» **WHAT IS NEEDED**
All that belongs in the answer is the lines from the one containing "In their semi-final" to the end of the listing below, copied exactly, pictures excluded.

====== INFORMATION PROVIDED

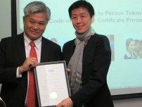 证书颁发仪式於2012年1月19日假香港品质保证局内举行,十三家参与该计划的公司代表出席领取证书。仪式由香港客户中心协会主席赵志洋太平绅士及协会总干事陈建年先生致词开始。词中,他们指出是次计划目的在於为业界订定一个服务标准,提升业界的整体服务质素及形象,为日後业界的持续发展建立基础。接着大会便开始颁发证书给各企业代表。
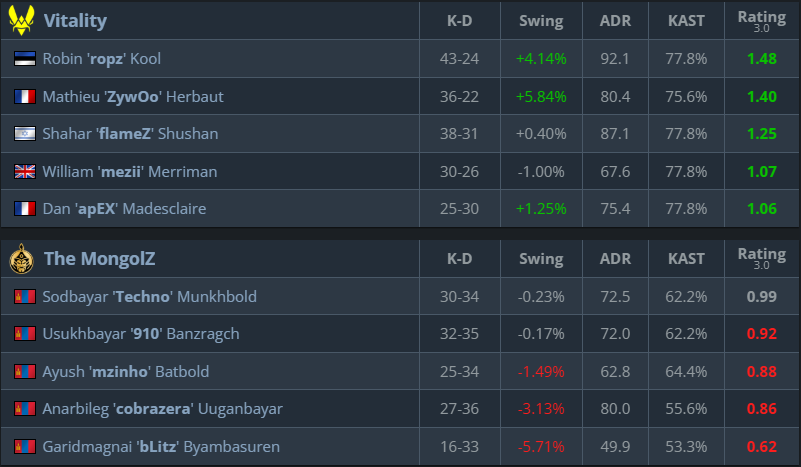 In their semi-final win over TheMongolZ, ropz led in frags, with strong support from ZywOo and flameZ.
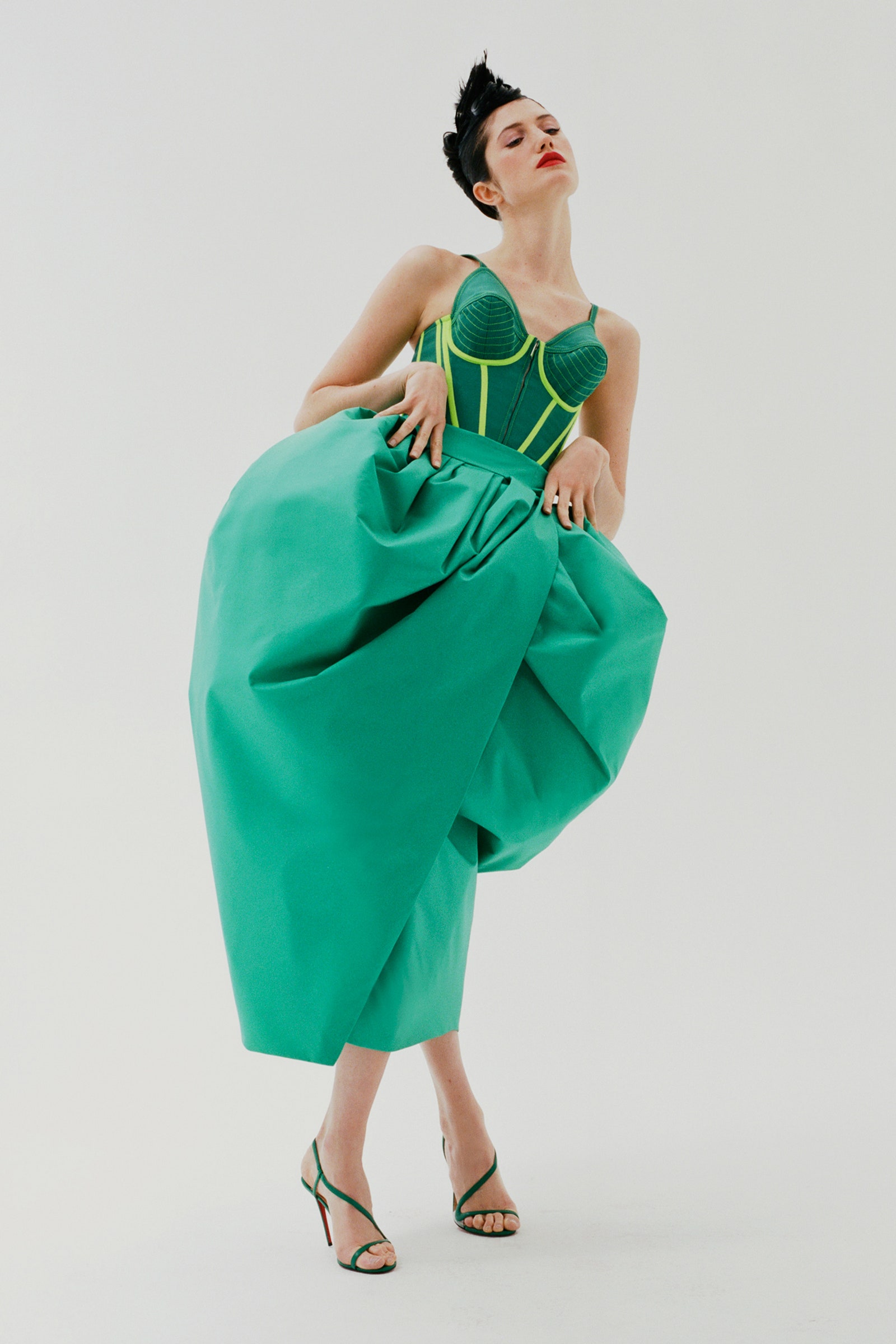 后起之秀Christopher John Rogers的这条裙子准确来讲,应该叫做泡泡裙。这种带有哑光效果的缎面裙是上世纪好莱坞黄金时代女星们的最爱,设计师通过环绕交叠使裙装呈现出饱满而轻盈的轮廓,翠绿色也显得十分生机。

============

» **SOLUTION TO THIS TASK**
 In their semi-final win over TheMongolZ, ropz led in frags, with strong support from ZywOo and flameZ.
 后起之秀Christopher John Rogers的这条裙子准确来讲,应该叫做泡泡裙。这种带有哑光效果的缎面裙是上世纪好莱坞黄金时代女星们的最爱,设计师通过环绕交叠使裙装呈现出饱满而轻盈的轮廓,翠绿色也显得十分生机。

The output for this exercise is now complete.